É também por tudo isso que reputamos da maior importância a Directiva Estratégica do Estado-Maior-General das Forças Armadas 2018-2021, agora publicada, onde, pela primeira vez, num documento oficial respeitando questões de Defesa e de Estratégia Nacional, o Mar assume, de facto, explicitamente, sem ambiguidades nem equívocos, a devida prioridade.

Os mais interessados poderão aceder e ler aqui a referida Directiva, não sendo intuito estarmos a analisá-la e comentá-la em pormenor mas apenas a de chamarmos a atenção para dois ou três aspectos que se afiguram merecer o maior relevo.

Antes de mais, para além de ser, como já referido, o primeiro documento oficial respeitante a questões de Defesa e Estratégia Nacional, onde o Mar assume, de facto, explicitamente, sem ambiguidades nem equívocos, a devida prioridade, tudo o mais daí decorrendo, se procede igualmente a uma análise das respectivas Potencialidades, Oportunidades, Vulnerabilidades e Ameaças, tornando assim também perfeitamente claro as Linhas de Acção o Plano Operacional proposto, sem esquecer a devida e determinante monitorização da respectiva concretização e realização.

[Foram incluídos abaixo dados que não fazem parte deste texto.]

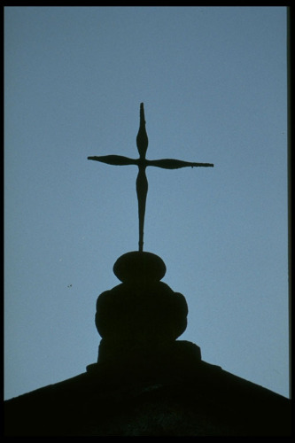 Un piedistallo in pietra a forma di vaso regge la croce in ferro.

Em simultâneo, nunca será demais destacar igualmente a enfeze colocada na unidade das Forças Armadas e do todo nacional, reforçando o conceito de duplo-uso e de maior proximidade das próprias Forças Aramadas à Protecção Civil, bem como, de algum modo, consequentemente, a importância da racionalização de meios, que, afigurando-se questões menores ou, eventualmente, dadas como adquiridas, infelizmente, sabe-se bem como nem sempre assim é. Bem pelo contrário.

Por outro lado, não pretendendo sermos exaustivos e independentemente de outros assuntos que ultrapassam um pouco o âmbito marítimo, como a reestruturação do próprio EMGA, não deixará de ser importante não deixar de sublinhar a atenção prestada igualmente à crescente ameaça de ciberataques, um tema, por vezes, nem sempre devidamente tido em consideração mas, hoje, de facto e cada vez mais, de crucial importância.

De qualquer modo, por inédito que seja, a publicação pelo EMGFA desta Directa Estratégica, assume indiscutível relevância num momento de tão ampla transformação estratégica sem que, tanto quanto se possa perceber, o actual Governo esteja a atribuir a necessária e devida atenção.

Como o actual Almirante Chefe do Estado-Maior da Armada, António Mendes Calado, não deixou de acentuar no seu discurso do passado Dia da Marinha, tanto o processo de adjudicação dos restantes seis Patrulhas Oceânicos, a serem contruídos nos Estaleiros de Viana do Castelo da West Sea, como o conhecimento do mar sob jurisdição nacional, são duas prioridades da Marinha.

Percebe-se fácil e exactamente o porquê de tal chamada de atenção, a questão, porém, não é essa mas a de saber se tanto o Comandante Supremo das Forças Armadas quanto o próprio Governo, estão igualmente conscientes da crucial importância de ambas as questões.

Se assim não for, que a Directiva posa funciona um contributo para que assim seja, é quanto resta esperar _ sob pena de nos podermos dar como nação, de uma vez por todas, definitivamente passada à História.